Friday, July 8, 2011

"Jerome and the Seraph" by Robina Williams Book Review




Genre: Christian Speculative
Recommendation: Good

Originality – 5/5
Writing Style – 5/5
Plot – 3/5
Characters – 5/5
Aesthetics – 4/5

Brother Jerome is dead. So now what should he do?
Robina Williams’ Quantum Cat series, of which Jerome and the Seraph is first, revolves around a group of friars and their pet cat, Leo, living in the English countryside. When one of the friars dies, however, he finds himself in an afterworld that he never expected and must now rely on his old feline companion to help him navigate his way around the afterlife.
Meanwhile, the rest of the brothers become rather concerned about the head of their local friary, Father Fidelis. Some surmise that the priest is terminally ill. Others believe he’s having an affair with the new woman who’s moved into town.
Blending mystery, humor, and a wee bit of heresy, Robina delivers a very pleasant read in Jerome and the Seraph. The plot may seem a bit slow to some, but remember, life in the friary isn’t supposed to be fast.
More conservative readers should note that the characters do take the Lord’s name in vain and use mild curse words to a limited extent. There is also a Christianized reference to the mythological gods. Finally, as Brother Jerome discovers, the afterlife described in this book may not be the Heaven that you would expect.
Overall, I give Jerome and the Seraph a recommendation of Good and will look forward to reading the rest of Robina Williams’ Quantum Cat series, Angelos and Gaea.
Jerome and the Seraph is available from Twilight Times Books.

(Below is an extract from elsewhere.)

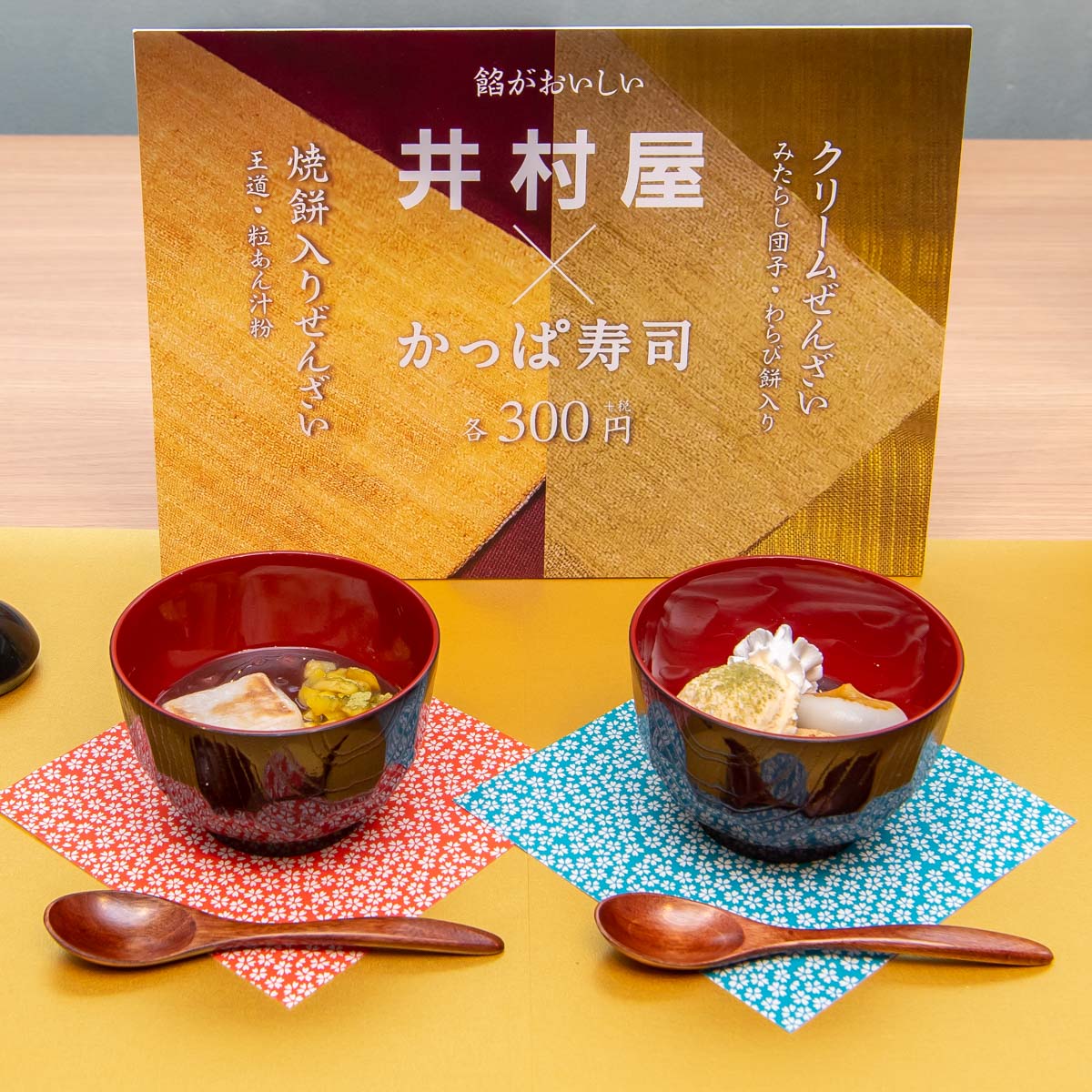 井村屋×かっぱ寿司「焼餅入りぜんざい -王道・粒あん汁粉-」「クリームぜんざい -みたらし団子・わらび餅入り-」

"Angelos" by Robina Williams Book Review


Genre: Christian Speculative
Recommendation: Good

Originality – 5/5
Writing Style – 5/5
Plot – 4/5
Characters – 5/5
Aesthetics – 5/5

There’s a new Guardian in town…and the friars aren’t going to like it.
Also, the deceased Brother Jerome gets “teleported” to a new town and he isn’t going to like it much either.
Angelos, book two in Robina Williams’ Quantum Cat series, finds Father Fidelis being transferred to a new assignment and a new troubled priest taking up the reigns of the friary. The new guardian, Father Aidan, has been feeling distant from God lately as he experiences what has classically been referred to as “that dark night of the soul.” What will he do to keep himself and his fellow monks on the right path? Will he be able to find God’s presence again?
Meanwhile, Brother Jerome, the dead friar who occasionally stops back in at the friary for a visit around his old home or a chat with friends, finds himself suddenly whisked away to a dark maze of concrete tunnels, filled with dead men’s bones. He is in the lair of the Minotaur! And, equally unhappy at his change in location, the Minotaur finds himself waking up in the friary’s shed.
Robina spins humor, sensitivity, deep spiritual insight, and a Christianized version of classical mythology into this amusing and thought-provoking exploration of the inner and outer spiritual realms.
(There is some use of taking the Lord’s name in vain and some mild cursing.)
Overall, I give Angelos a strong recommendation of Good. The Quantum Cat series starts with Jerome and the Seraph and follows Angelos with the third book, Gaea.
Angelos is available from Twilight Times Books.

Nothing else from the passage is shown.